◆ Record extracts
::::

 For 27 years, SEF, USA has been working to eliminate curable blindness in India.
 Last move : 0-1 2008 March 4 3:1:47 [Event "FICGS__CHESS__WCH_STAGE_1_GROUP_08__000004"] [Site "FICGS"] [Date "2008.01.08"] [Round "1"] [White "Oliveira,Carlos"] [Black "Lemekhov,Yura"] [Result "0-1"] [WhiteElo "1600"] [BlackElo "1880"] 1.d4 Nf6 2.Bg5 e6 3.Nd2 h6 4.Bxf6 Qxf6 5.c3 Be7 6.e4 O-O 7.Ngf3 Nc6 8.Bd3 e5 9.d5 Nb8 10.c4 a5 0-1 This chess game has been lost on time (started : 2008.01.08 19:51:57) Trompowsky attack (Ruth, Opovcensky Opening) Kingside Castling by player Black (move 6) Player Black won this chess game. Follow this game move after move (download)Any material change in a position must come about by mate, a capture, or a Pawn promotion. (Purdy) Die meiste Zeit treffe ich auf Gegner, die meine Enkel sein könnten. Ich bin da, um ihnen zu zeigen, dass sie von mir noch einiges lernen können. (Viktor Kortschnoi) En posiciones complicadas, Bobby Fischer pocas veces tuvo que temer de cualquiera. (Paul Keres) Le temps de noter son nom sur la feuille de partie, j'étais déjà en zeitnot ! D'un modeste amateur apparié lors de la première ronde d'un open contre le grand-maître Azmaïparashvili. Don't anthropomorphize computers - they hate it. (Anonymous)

::::

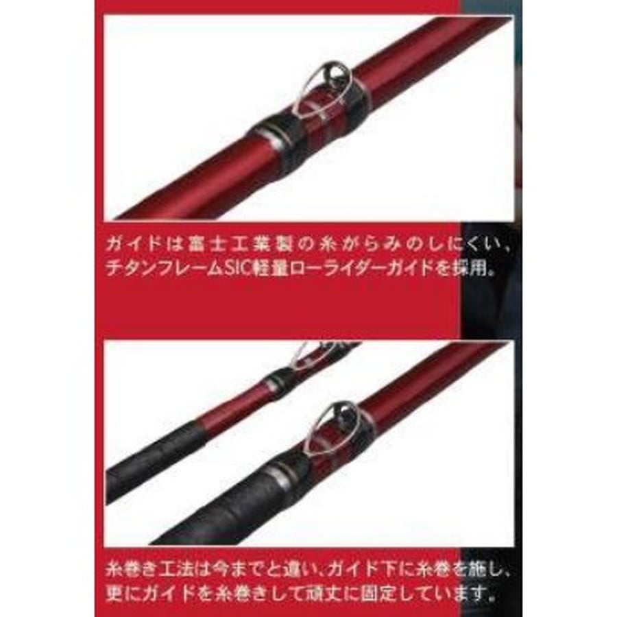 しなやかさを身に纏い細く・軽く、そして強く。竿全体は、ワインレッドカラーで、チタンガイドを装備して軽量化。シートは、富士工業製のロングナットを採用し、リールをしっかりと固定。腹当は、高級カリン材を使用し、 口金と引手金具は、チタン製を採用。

::::

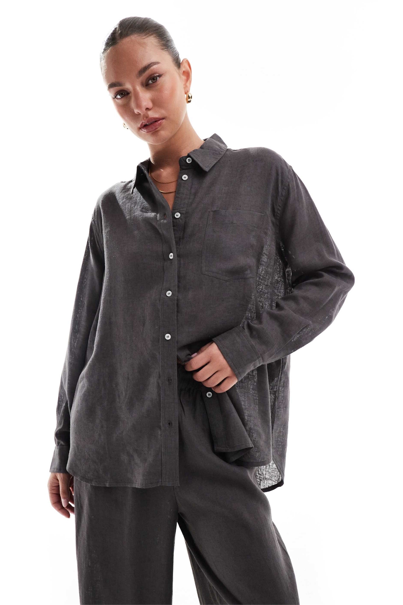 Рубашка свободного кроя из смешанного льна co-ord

::::

◆ What the task asks
Each line above holding the string "been" counts once; please report the total and nothing more.

◆ Solved problem
2